[ABOUT THIS EXERCISE]
Your job with the data below: print everything from the line that holds "- DECORATIVE MAP" down to the line that holds "讨会工作人员充分利用讲座中间的茶歇时间,与参会的客户展开互动交流和产品展示。", ends included, exactly, and nothing else.

[ENTRIES SUPPLIED]
╔══

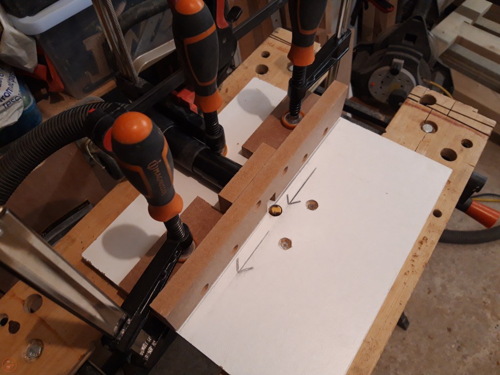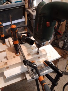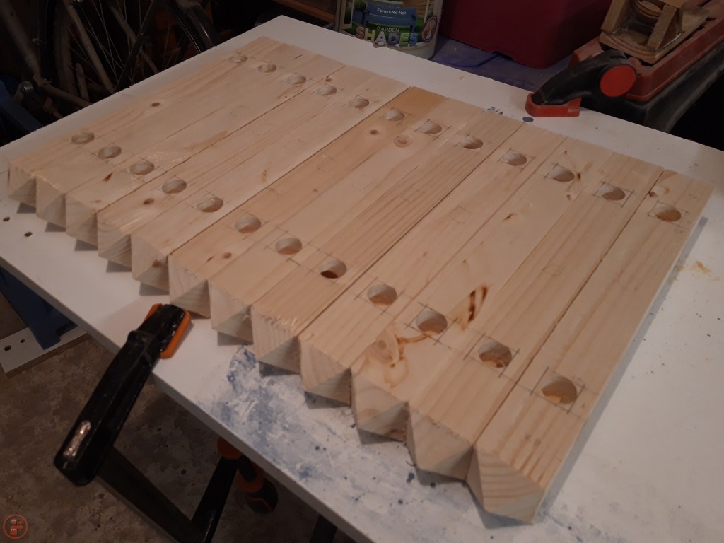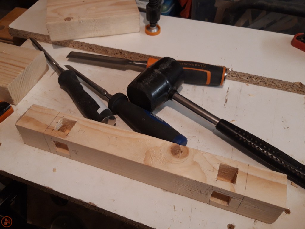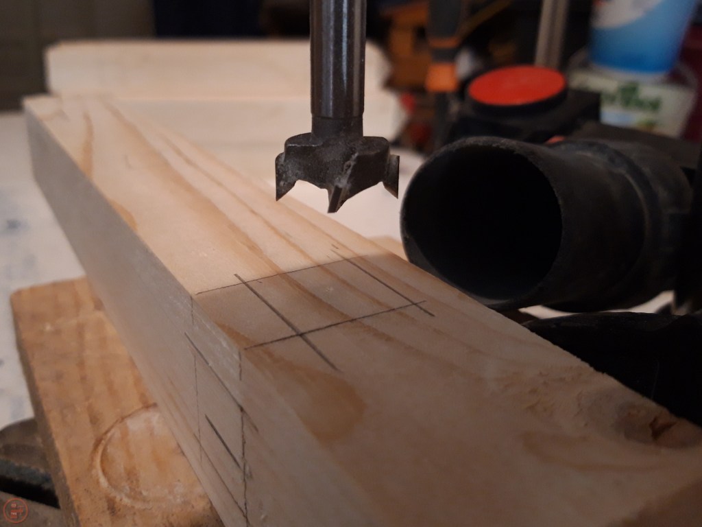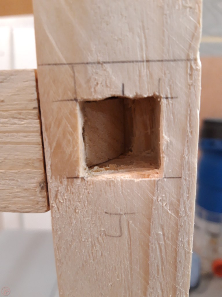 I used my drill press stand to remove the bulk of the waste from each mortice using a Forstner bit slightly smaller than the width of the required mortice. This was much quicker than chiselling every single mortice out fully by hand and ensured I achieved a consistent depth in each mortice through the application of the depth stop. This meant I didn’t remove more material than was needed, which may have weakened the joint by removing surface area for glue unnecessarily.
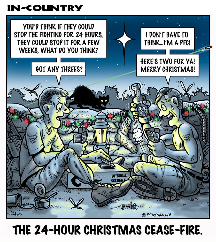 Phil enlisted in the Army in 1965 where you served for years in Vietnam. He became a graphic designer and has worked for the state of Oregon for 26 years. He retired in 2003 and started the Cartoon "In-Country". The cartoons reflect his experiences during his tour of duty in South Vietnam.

╚══
╔══

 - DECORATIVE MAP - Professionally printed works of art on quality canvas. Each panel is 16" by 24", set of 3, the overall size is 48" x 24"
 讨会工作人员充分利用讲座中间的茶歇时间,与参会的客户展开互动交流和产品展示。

╚══

[RESPONSE]
 - DECORATIVE MAP - Professionally printed works of art on quality canvas. Each panel is 16" by 24", set of 3, the overall size is 48" x 24"
 讨会工作人员充分利用讲座中间的茶歇时间,与参会的客户展开互动交流和产品展示。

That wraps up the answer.